計量・秤量・裁断作業のスケジューリング

最近、ある大手ソフト・ベンダーからMESパッケージに関するプレゼンを聞く機会があった。ご存知のとおり、MES(Manufacturing
Execution System=製造実行システム)は業種別の固有な特性が強い。われわれシステム・インテグレーターの立場からは、どのパッケージをどの顧客に当てはめるべきか、見極めることがとても重要になる。

ところで、プレゼンを聞いていたら、「このパッケージでは、原材料を中間品や製品に加工していく段階のみを『工程』とよび、秤量は単なる『作業』として扱う」という説明が出てきた。マテリアルに加工を加えて、別のマテリアルにするような仕事のみを工程と呼ぶというわけである。つまり、言いかえると、BOMの親子関係で結ばれないような仕事は、製造工程としては付随的なものだ、という発想なのだ。

「秤量」とは何かというと、粉体や液体の原料を、精確に計量する仕事だ。化学天秤などの秤をつかって、必要量だけ小分けする作業である。主に医薬品や飲料・食品・香料・化粧品などの工場での呼び方だ。最近の秤量機械はインテリジェントで、上位系システムと接続してデータのやり取りもできる。広い意味では、「計量」の一種である。
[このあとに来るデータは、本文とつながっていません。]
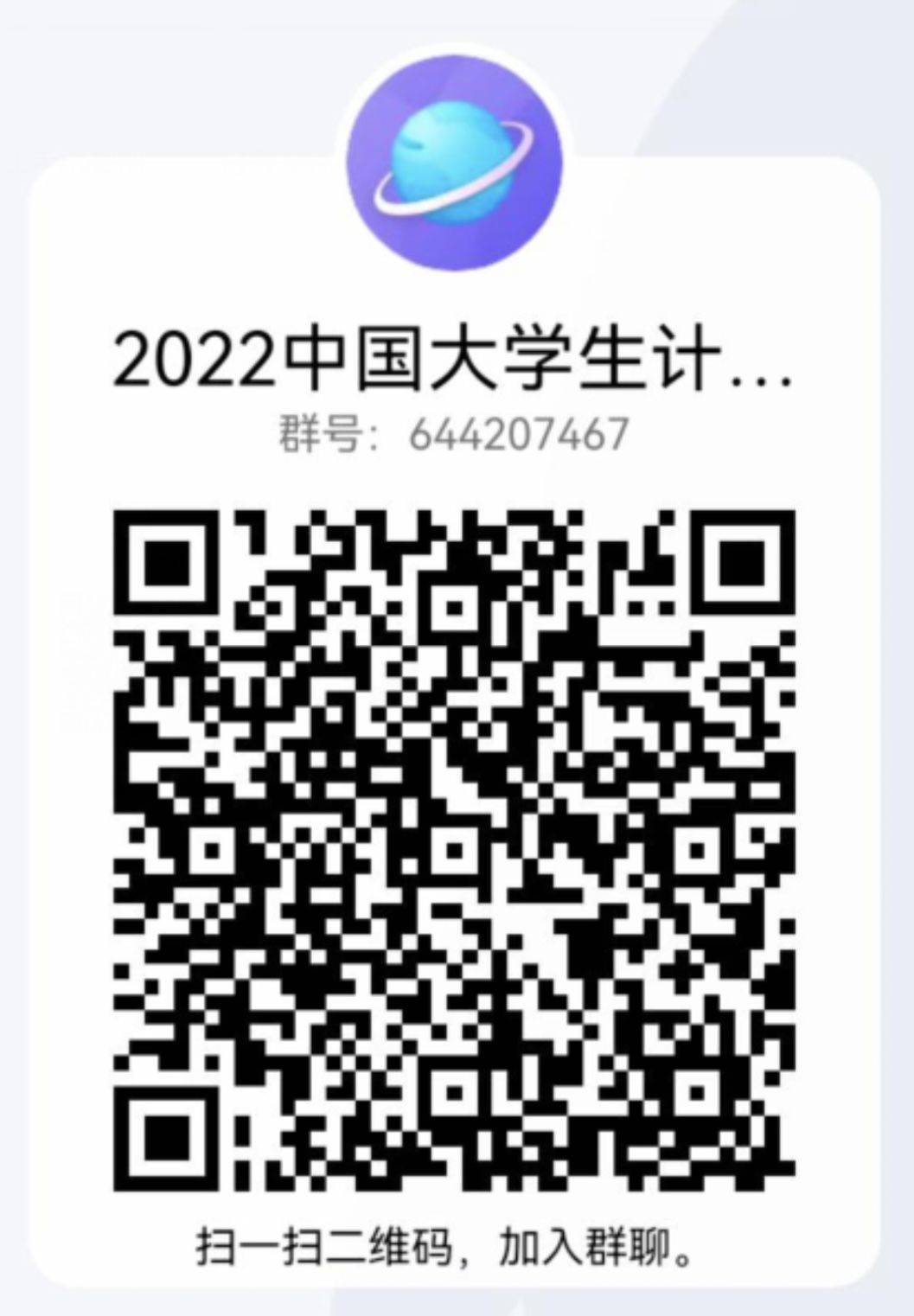 更为及时的通知请各位同学、指导老师加入大赛 QQ 群,群名:2022中国大学生计算机设计大赛,群号: 644207467(此群针对指导老师及学生)。

そして、じつは多くの生産スケジューラや生産管理システムは、この秤量・計量といった仕事をうまく取り扱えない。「容器」をうまく扱えないこととならんで、現代のAPSシステムの困った欠点だと、私はかねがね感じている。

ご存知の方も多いだろうが、医薬品製造の世界には、GMP=Good Manufacturing
Practice
という考え方があり、厚生省令で事実上法律と同じ力を持っている。このGMPの中では、秤量は製造行為の一部であると規定されており、正しく作業が行われていることを製造管理責任者が確認しなければならない。「薬のさじ加減」がずれたら薬効が変わってしまう以上、当然である。上述のベンダーだって、そのことはよく知っている。

にもかかわらず、生産計画やスケジューリングの中で、しばしば、計量・秤量などの行為は、脇役的な仕事と位置づけられる。なぜか。おそらく、MRPの所要量展開計算をしても、計量・秤量の指図が導出できないからなのだ。「BOMの親子関係に工程や工順(ルーティング)が対応する」というデータモデルの前提に、うまくあてはまらないのだ。秤量の前後でマテリアル・マスタの品目に変化が無いのだから、どう位置づけたらいいか分からない、のだろう。
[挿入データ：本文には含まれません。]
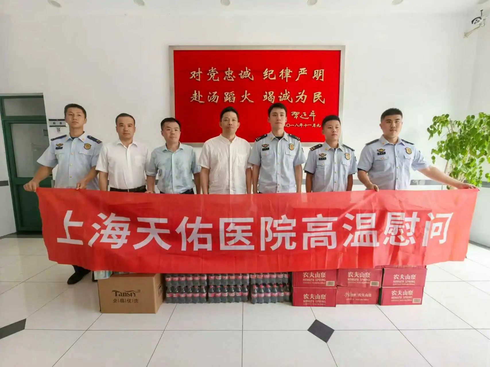 與此同時,天佑醫(yī)院還在共建單位間開展高溫慰問。8月6日下午,上海天佑醫(yī)院卓立峰總經(jīng)理一行前往上海市消防總隊普陀支隊萬里中隊高溫慰問,看望慰問一線消防戰(zhàn)士,送上防暑降溫用品,并向他們表示誠摯的問候和感謝。天佑醫(yī)院工會主席卓偉元、副總經(jīng)理孫凱陪同。
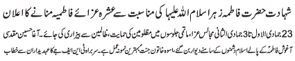 ISLAMABAD, December 15: Ashra e Azae Fatimiya will be commemorated to mark the Shahadat of Hazrat Fatima Zahra (SA) |
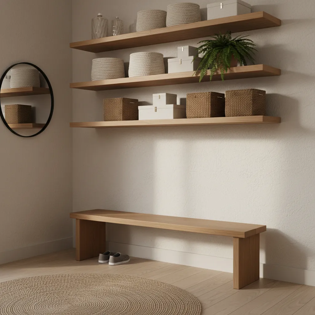 Floating shelves are a small entryway’s best friend. Install a series of shelves above a bench or along a wall to hold baskets, decorative boxes, or even just your keys and mail. This is a simple yet effective decor idea that adds storage without taking up any floor space.

同じような問題は、「裁断」という行為にもあらわれる。製鉄・金属材料・電線・フィルム・繊維などの世界では、原材料や製品をロールやシートで取り扱うことが多い。これを裁断して形を与え、小分けする作業が必要である。これも、物自体に変化を加える加工ではない。だからデータモデル上での位置づけに困ることが多い。食品工業によくあわられる「不定貫」の材料を計量する行為も似ている。
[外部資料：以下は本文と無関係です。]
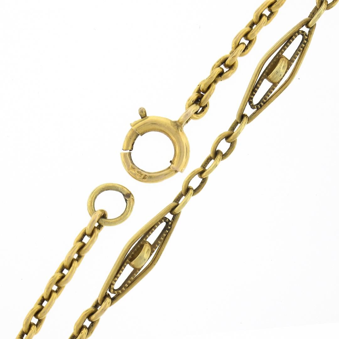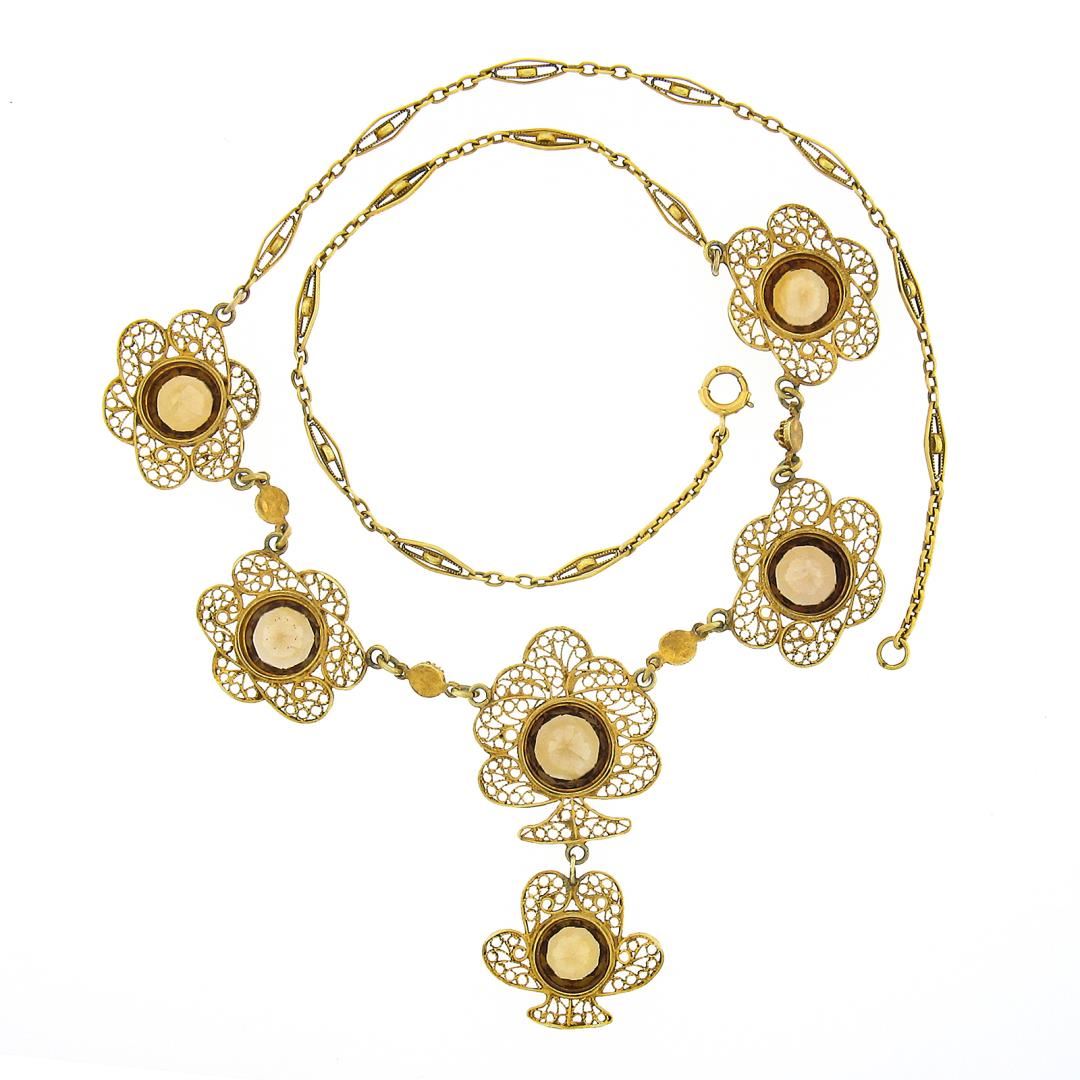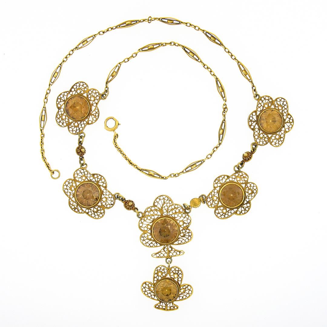 An antique solid 14k yellow gold necklace, with 6 GIA graded round brilliant cut natural zircon (21.40ctw). It weighs a total of 16.74 grams, measures 5.5 inches wide, and measures 17 inches in length. Comes with all original relevant certifications.

こうした幅広い業種で必要とされる作業をシステム化できないことの弊害は大きい。パッケージを持ってきても、業務にうまくフィットしないのだ。「業務をパッケージに合わせろ」となどいうことを言うベンダーもいるが、切らずに縫える布があったらお目にかかりたいものだ。MRPの考え方の根底には、機械部品などのディスクリート型の発想があって、ものを数えたり切ったりする必要性が抜け落ちている。この点に気がつけば、問題解決の糸口は見えてくるはずなのだ。

ところで、もしかすると、計量・秤量・裁断などの仕事が生産管理システムでうまく扱えない理由は、じつは別のところにあるのかもしれない。これらの仕事が『付加価値を生まない』と考えられているから、軽んじられてる可能性もあるのではないか。対象となる物品に何の変化ももたらさない、つまり価値創造に貢献していない、というわけだ。

そうだとすると、これはもっと深刻な哲学的問題(?)である。よく、「物流には付加価値がない」などという人がいるが、私は賛成しない。モノを利用可能な形で移動・保管・供給するのは立派な仕事だ。同じように、精確に秤量された原料は、秤量されていない缶の中の原料よりも高い利用価値がある。物の形を変えない限り付加価値とは認めない、という考え方の人は、「物を右から左に動かすだけで利を得る商人は、物を作る職人よりも身分が下である」という、江戸時代の士農工商の思想から抜け出ていないと、私は思うのだ。